As a positive consequence of improving your mental clarity, you become more open to insights you may have missed before. As you write your notes out, you’re essentially having a dialogue with yourself. This draws out insights that you would have missed otherwise; it’s almost as if two people are working together to better understand each other. This kind of insight is only available to the person who has taken the time to connect with and understand themselves in the form of writing.

Once you’ve gotten a few entries written down, new insights can be gleaned from reading over them. What themes do you see in your life? Do you keep switching goals halfway through? Are you constantly dating the same type of people who aren’t good for you? Have you slowly but surely pushed people out of your life for fear of being hurt?

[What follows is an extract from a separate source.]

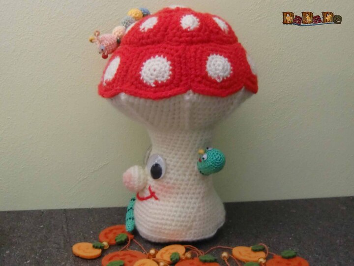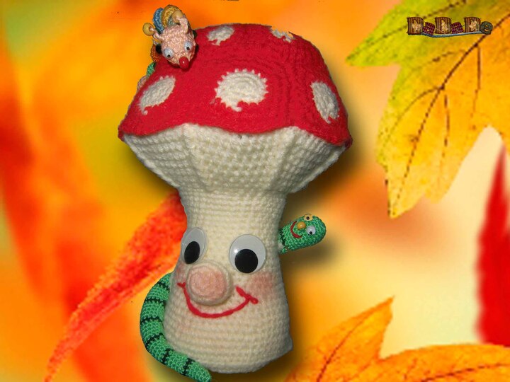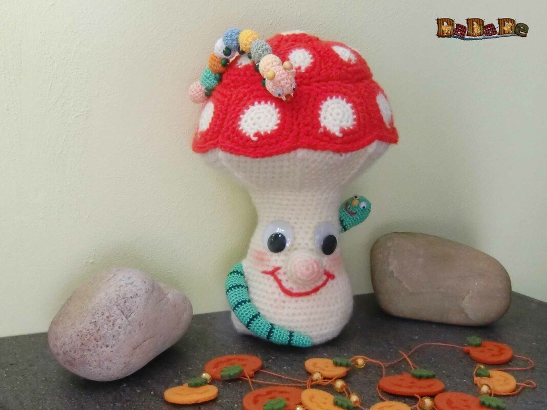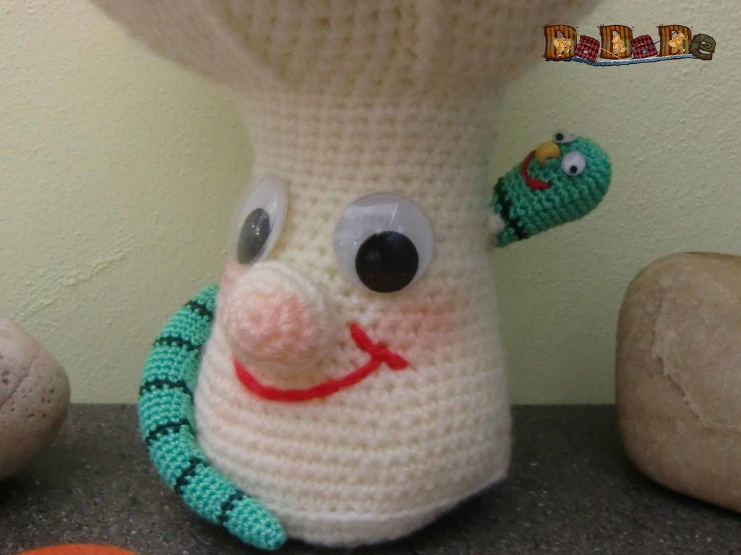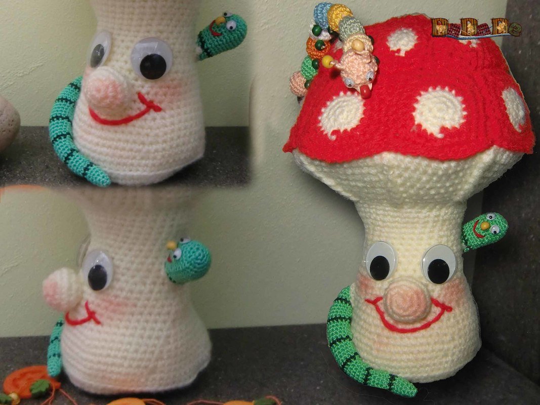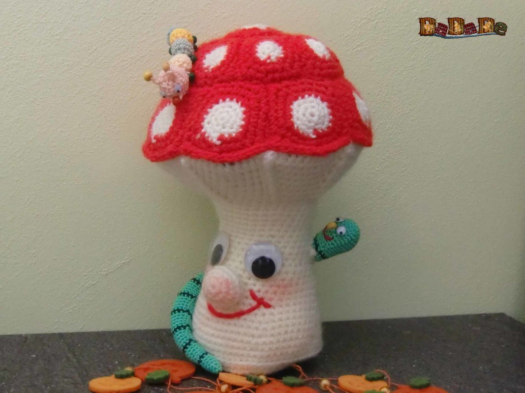 der Pilz ist schnell gehäkelt und für Raupe und Wurm kann man sehr gut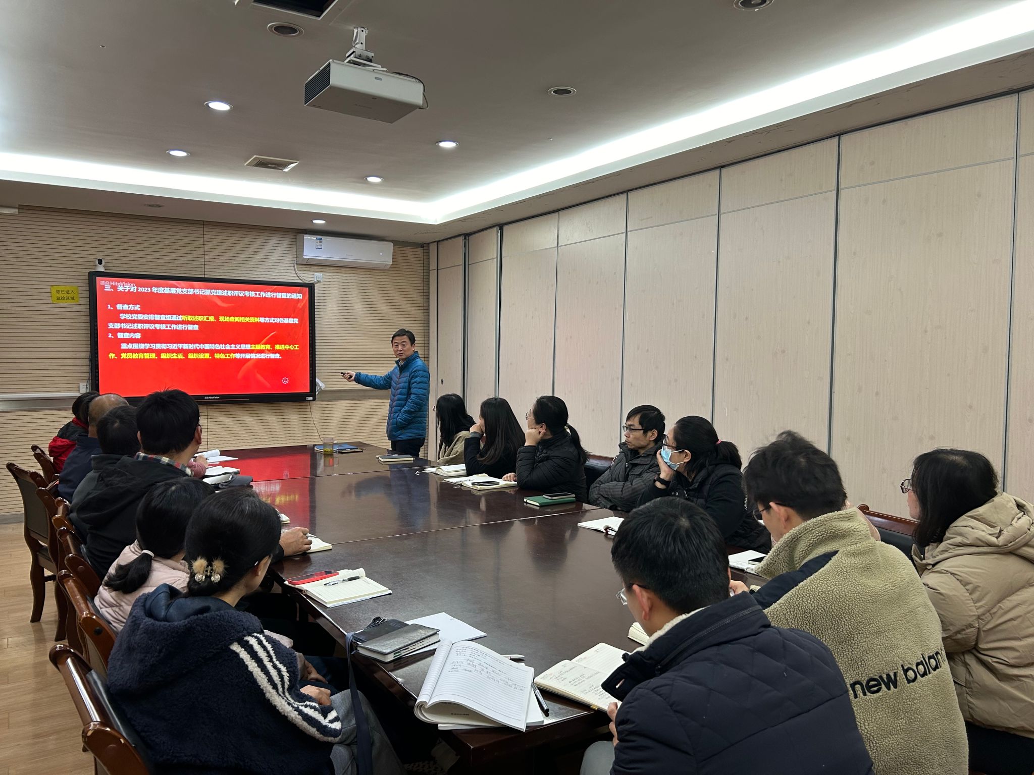 会上,赵明文书记详细介绍学院党支部工作考核条例的内容,强调要不断提升党支部组织力,强化党支部政治功能,充分发挥党支部战斗堡垒作用。在集中进行理论学习时,支部书记们充分讨论交流,更加坚定以立德树人为根本任务,以为党育人、为国育才为根本目标,为早日实现教育强国目标而奋斗努力。最后,根据组织部的通知要求,明晰督察内容清单,要求各支部高度重视,压实党建工作主体责任,推动支部建设制度化、规范化。

All of these questions can be answered by simply self-reflecting, but you can only discover the answers if you’ve captured them in writing. These questions are going to be tough to answer without a journal of your actions and experiences.

4. Journals Track Your Overall Development

Life happens, and it can happen fast. Sometimes we don’t take the time to stop and look around at what’s happening to us at each moment. We don’t get to see the step-by-step progress that we’re making in our own lives. So what happens? One day it’s the future, and you have no idea how you’ve gotten there.

Journal writing allows you to see how you’ve changed over time, so you can see where you did things right, and you can see where you took a misstep and fell.

The great thing about journals is that you’ll know what that misstep was, and you can make sure it doesn’t happen again—all because you made sure to log it, allowing yourself to learn from your mistakes.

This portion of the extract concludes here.